La administración Biden dará prioridad a la deportación de inmigrantes que representen una amenaza para la seguridad nacional o pública, dijo este lunes la portavoz de la Casa Blanca, Jen Psaki.


«La prioridad para la aplicación de las leyes de inmigración estará en aquellos que representen una amenaza para la seguridad nacional, por supuesto, una amenaza a la seguridad pública y los recién llegados», apuntó Psaki en su rueda de prensa diaria.

Psaki detalló que la decisión dependerá del Departamento de Seguridad Nacional (DHS, en inglés), que maneja los asuntos migratorios.

La decisión supone una ruptura con la política de la administración de Donald Trump, que amplió el espectro de las expulsiones a inmigrantes acusados de delitos como conducir bajo la influencia de alcohol o drogas, o agresión, entre otros.

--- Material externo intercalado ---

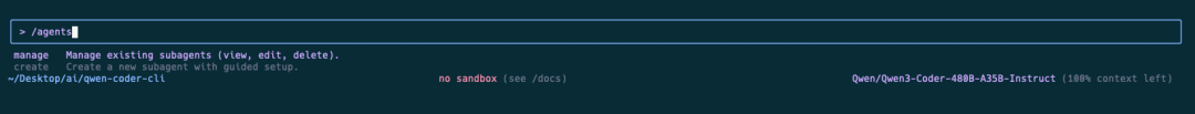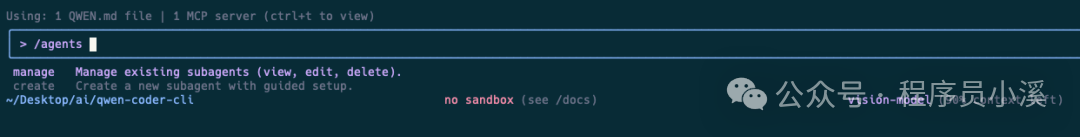 Qwen Code CLI支持子代理功能,在交互式命令中输入 /agents可以查看Agents菜单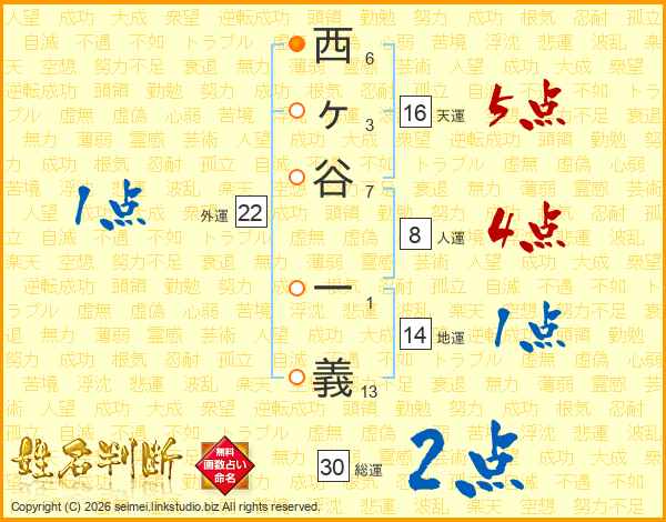 西(6画)ヶ(3画)谷(7画) 一(1画)義(13画)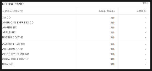 ETF 주요 구성 자산입니다 다우존스 30개 기업 모두 주식을 310주 보유 하고 있는게 특이한 점입니다.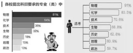 ?其次,有些專業(yè)雖提出選考科目要求,但總體來講考生選擇面還是增加的。設(shè)限專業(yè)(類)最多的是物理81%,而后是化學(xué)64%,再次是涉及36%的技術(shù)。雖如此,除非特別頂尖的學(xué)校,如清華及非常工科的專業(yè),如物理、機(jī)械、信息技術(shù),或數(shù)理經(jīng)濟(jì)、數(shù)學(xué)金融需數(shù)學(xué)才對(duì)物理做出強(qiáng)制要求,而這些頂尖院校或?qū)I(yè)不足1%;況且各高校專業(yè)(類)設(shè)限選考科目至多有三門,考生只要選其中1門,即可報(bào)考,一般院校物理化學(xué)在一起的多,可進(jìn)行選擇。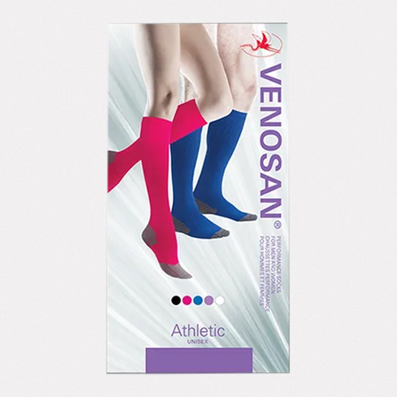 Venosan Athletic unisex compression socks are high performance compression socks, designed for everyday wear, travel, athletic needs, mild edema, prevention and treatment of mild venous symptoms, heaviness and fatigue in the legs and assists in prevention of DVT (Deep Vein Thrombosis). Compression socks are well known to improve circulation to the legs, and to prevent lactic acid buildup during exercise.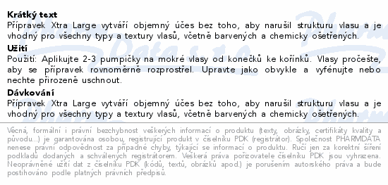Přípravek Xtra Large vytváří objemný účes bez toho, aby narušil strukturu vlasu a je vhodný pro všechny typy a textury vlasů, včetně barvených a chemicky ošetřených.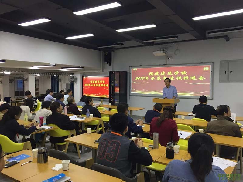 2018年10月29日-30日,福建建筑学校2018年示范校建设推进会在校图书馆多功能厅召开。会议由许育龙副校长主持,学校领导、全体中层干部及各科室材料员出席了会议。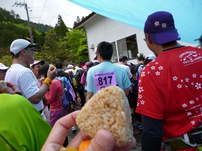 途中からは早朝に若狭・小浜をスタートした本鯖コース(76km)の人たち(黄色ゼッケン)とも合流します。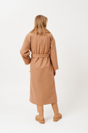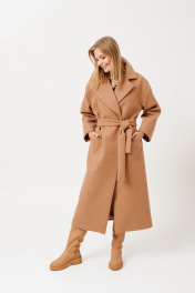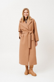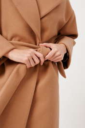 Пальто женское, на запах, длиной миди из трикотажной ткани. Пальто со спущенной линией плеча. Застежка на потайные пришивные кнопки. Перед с функциональными прорезными карманами с листочками, листочки с втачными концами. В боковых швах шлевки под съемный пояс из основной ткани. Рукав одношовный, длинный. Пальто с широким отложным воротником пиджачного типа. Пальто на подкладке. В комплект входит съемный пояс из основной ткани. длина изделия - 121 см длина рукава от горловины - 74,2 см параметры 42 44 46 48 50 52 54 обхват груди 108 112 116 120 124 128 132 обхват талии 104 108 112 116 120 124 128 обхват бедер 114 118 122 126 130 134 138 обхват рукава 45.9 45.9 45.9 50.3 50.3 50.3 50.3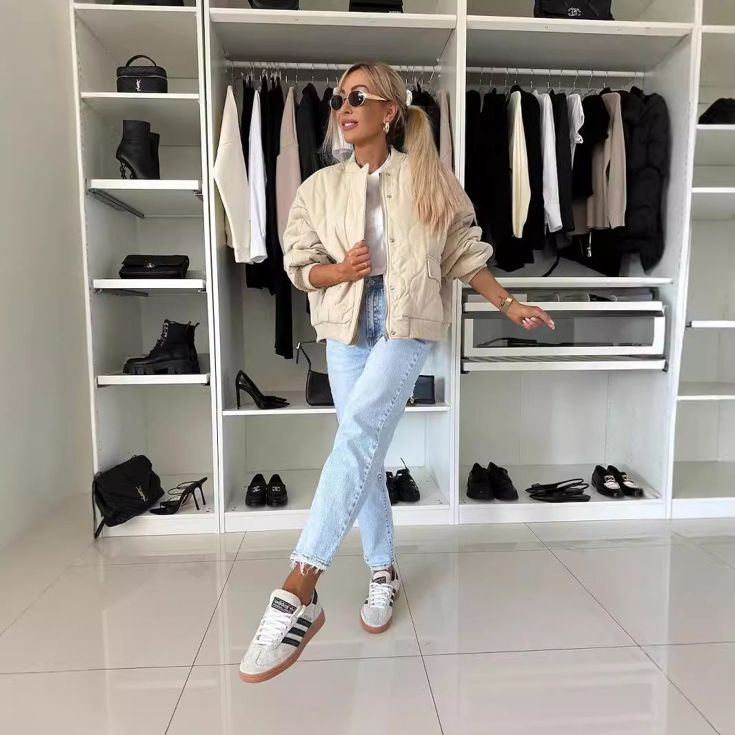 Ladies oversized casual quilted jacket with ribbed knit details Chic und Stil
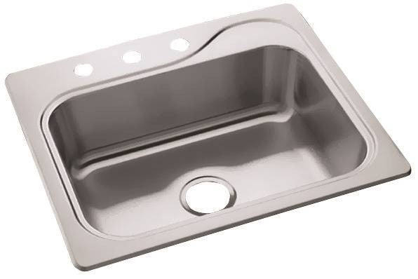 1-7/16" diameter faucet punching, 4" centers on 3 main holes, 5-1/8" center to sink edge for 4th hole. 3-5/8" diameter centered drain hole in basin. Made from single sheet of stainless steel with continuous weld stainless steel channels for a smooth, attractive surface. SilentShield sound-deadened bowls to reduce noise and vibration. Rolled outer rim and pre-assembled clips for easy installation. Includes installation hardware. Meets or exceeds IAPMO/UPC. Cut out: 24-1/4" x 21-1/4" with 1/2" radius corners; 21" x 15-1/4" x 7''D basin.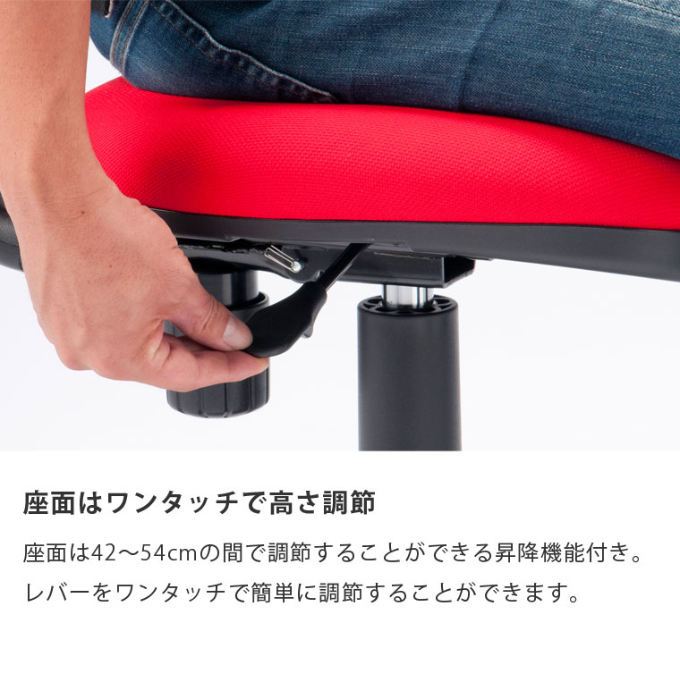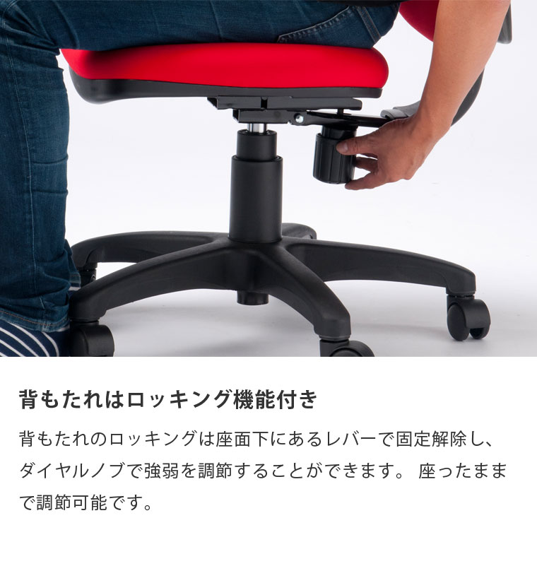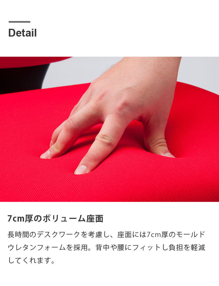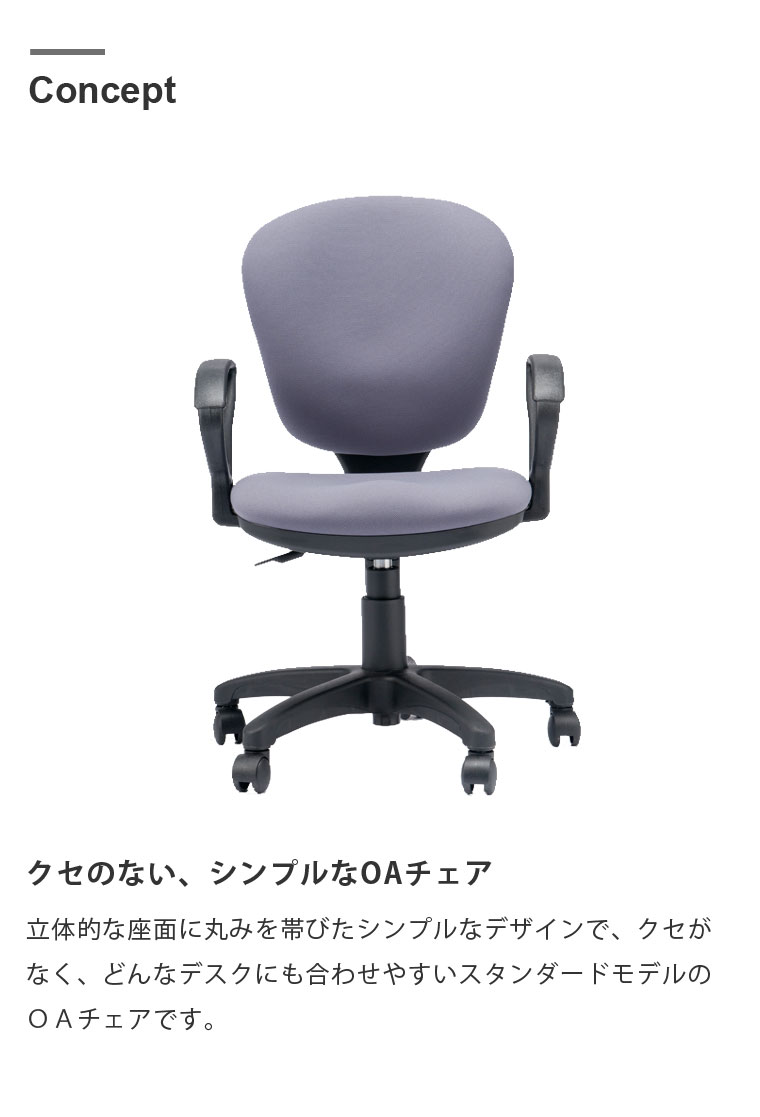 【こちらは肘掛け付きでの販売ページになります。】 クセのない、合わせやすいシンプルなスタンダードモデルのOAチェア。 長時間のデスクワークを考慮し、7cm厚のボリューム座面には耐久性に優れたモールドウレタンフォームを採用しました。 モールドウレタンは車のシートなどにも採用されている復元性が非常に高いクッション材です。 一般的なスラブウレタンやチップウレタンは、密度によってボリュームは出せますが、徐々に劣化していきます。 モールドウレタンは型崩れしにくいためへたりが遅く、低反発ウレタンよりも湿度や寒さに強いのが特徴です。 立体的な座面に丸みを帯びたデザインで、背中や腰の負担を軽減するフィット感を重視しました。 昇降機能はレバーをワンタッチで体格に合わせた12cmのストロークの調整が可能です。 ロッキング機能はレバーで固定解除、ダイヤルノブで硬さの強弱が座ったまま調整可能です。 肘掛けは取り外して使用することもできます。 |

El diario The Washington Post reveló este domingo, citando memorandos y correos electrónicos internos, que el Servicio de Inmigración y Control de Aduanas de EEUU (ICE, por sus siglas en inglés) se prepara para emitir nuevas pautas a su personal, que podrían frenar los arrestos y las deportaciones.


Los agentes de esa agencia, que tiene a cargo las deportaciones, ya no se centrarán en expulsar del país a inmigrantes detenidos por conducir bajo influencia del alcohol o drogas, agresión u otros delitos. En cambio, se enfocarán en quienes representen una amenaza a la seguridad nacional, quienes hayan cruzado la frontera recientemente y quienes completen penas de prisión por delitos graves.